Odessa St., 1, Saint Petersburg, Russia, 191124
If you are walking near Smolny, turn onto the small and quiet Odesskaya Street. Here you will find an unusual open-air museum. It doesn’t look like a museum at all—no museum building, no guide. Only lanterns (just six exhibits), which are never lit, and a bronze figure of a lamplighter. The first street lamps in Russia appeared right here in Saint Petersburg.
This happened by decree of Peter I on December 4 (new style), 1706, on the day celebrating the victory over the Swedes. Several street lamps were hung on the facades of four houses near the Peter and Paul Fortress. The first lamps were oil lamps.
The people liked the lamps, their number increased, and the position of lamplighter appeared—someone who lit the lamps in the evening and extinguished them in the morning. The first lamplighters in Petersburg were soldiers stationed in the capital and policemen. They had uniforms and badges. Each lamplighter serviced 9-10 lamps.
Oil lamps had a drawback. Gogol writes about it in “Nevsky Prospect”: “Further, for God’s sake, further from the lamp! And quickly, as quickly as possible, pass by. It’s still lucky if you get away with just having your dandy coat doused with stinking oil.”

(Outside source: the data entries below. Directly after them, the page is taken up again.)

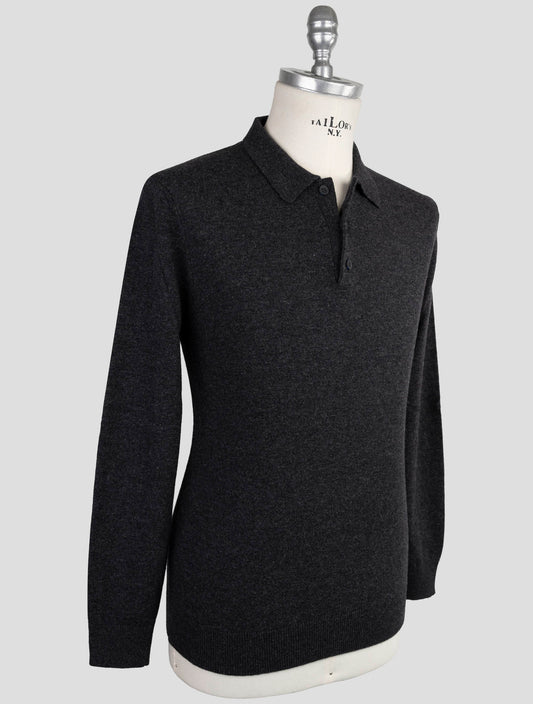 Kiton KNT Gray Virgin Wool Polo Sweater - Handmade Italy
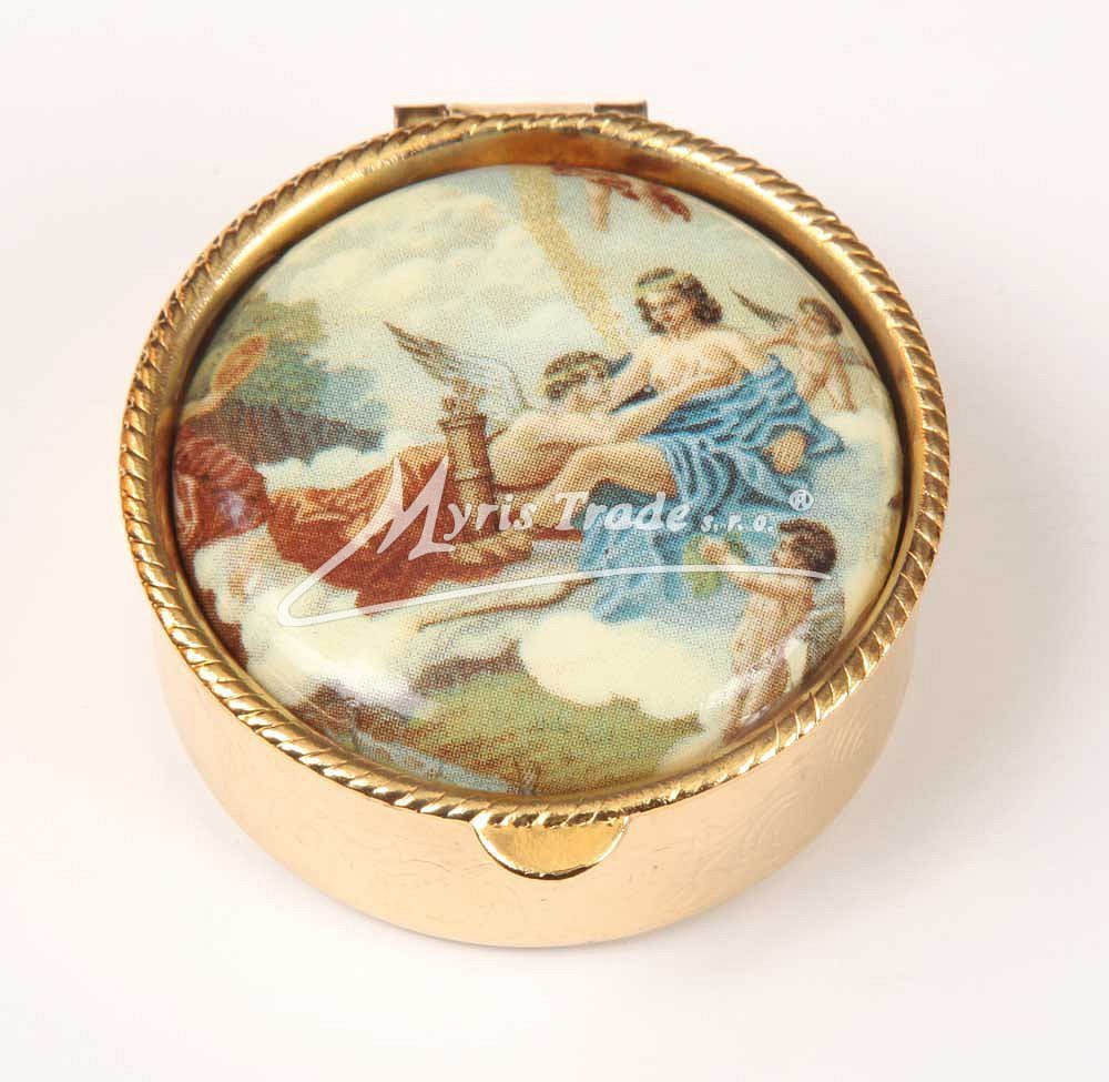 klasická obdélníková lékovka je vyrobena z kovu zlaté barvy s porcelánovým víčkem s Michelangelovými motivy ze Sixtinské kaple
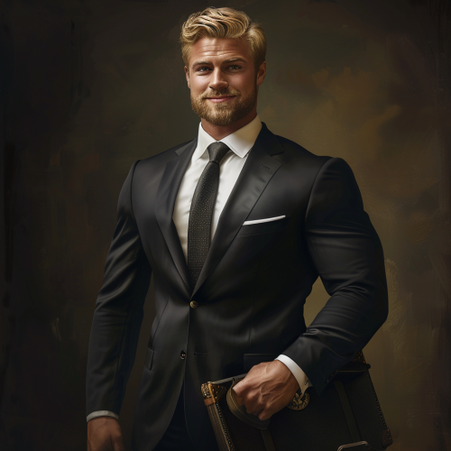 gorgeous alpha male all American, similar to Charlie Hunnam and Chris Hemsworth, smolder, blond hair, sophisticated polished suit, flirtatious smile, lean muscle masculine full body picture holding a briefcase, photo realistic, hd, ultra fine detail, canon 780, ultra high resolution, high quality --v 6.0
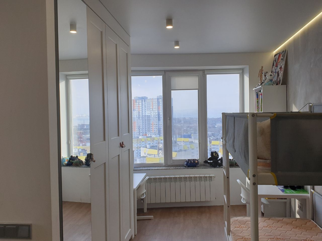 Квартира очень светлая, необыкновенно «атмосферная». Здесь большие панорамные окна, из которых открывается потрясающий вид на Волгу!

From 1821, the first gas lamps appeared in Petersburg, although oil and spirit-turpentine lamps were still used simultaneously. From 1863, kerosene lamps also appeared.
So, the first lamps appeared near the Peter and Paul Fortress, but the museum is located on Odesskaya Street. What makes this small street so remarkable?
On September 11 (23), 1873, a crowd gathered on quiet Odesskaya Street. In two street lamps, kerosene lamps were replaced by incandescent carbon lamps, and people, carrying newspapers, moved from one lamp to another, comparing the brightness.
The fact is that here was the city’s first office for the production of street lighting devices. Electrical engineer Alexander Nikolaevich Lodygin tested the first street electric lamps near the former house of Guard Lieutenant K. Teleshov, where the “Lodygin & Co.” society rented premises.
However, after the first tests, Lodygin’s lamps did not find proper application. Later, Yablochkov’s “candles” were widely used, but the first steps in street electrification were made by Lodygin.

This street in the center of Petersburg seemed to be waiting for the bronze lamplighter: two years before his housewarming, six old-fashioned lamps from different eras were placed on Odesskaya—oil, gas, kerosene, spirit, and electric—visually showing the stages of street lighting development in Saint Petersburg. Made according to archival drawings, they replicate every detail of various lamps from the progress-rich 19th and 20th centuries. It turned out to be an open-air lamp museum with its own guide. However, the exhibits have never been lit since the opening. But despite this, people come here—for impressions, wealth, and prosperity. According to legend, if you rub the bronze lamplighter’s boot, your home will be full of abundance. The main thing is to clearly formulate your wish, because the lamplighter takes everything literally.
When walking around Saint Petersburg, just start paying attention to the masterpieces of street lighting around you. Among them, there are truly works of art! And they fit perfectly into the historical appearance of the city.
On Bolshaya Konyushennaya Street, you can see horses on the lamps.
The lamps on Panteleimonovsky Bridge are notable because their bases are spears with a shield in the middle. And on the shield is the head of Medusa Gorgon.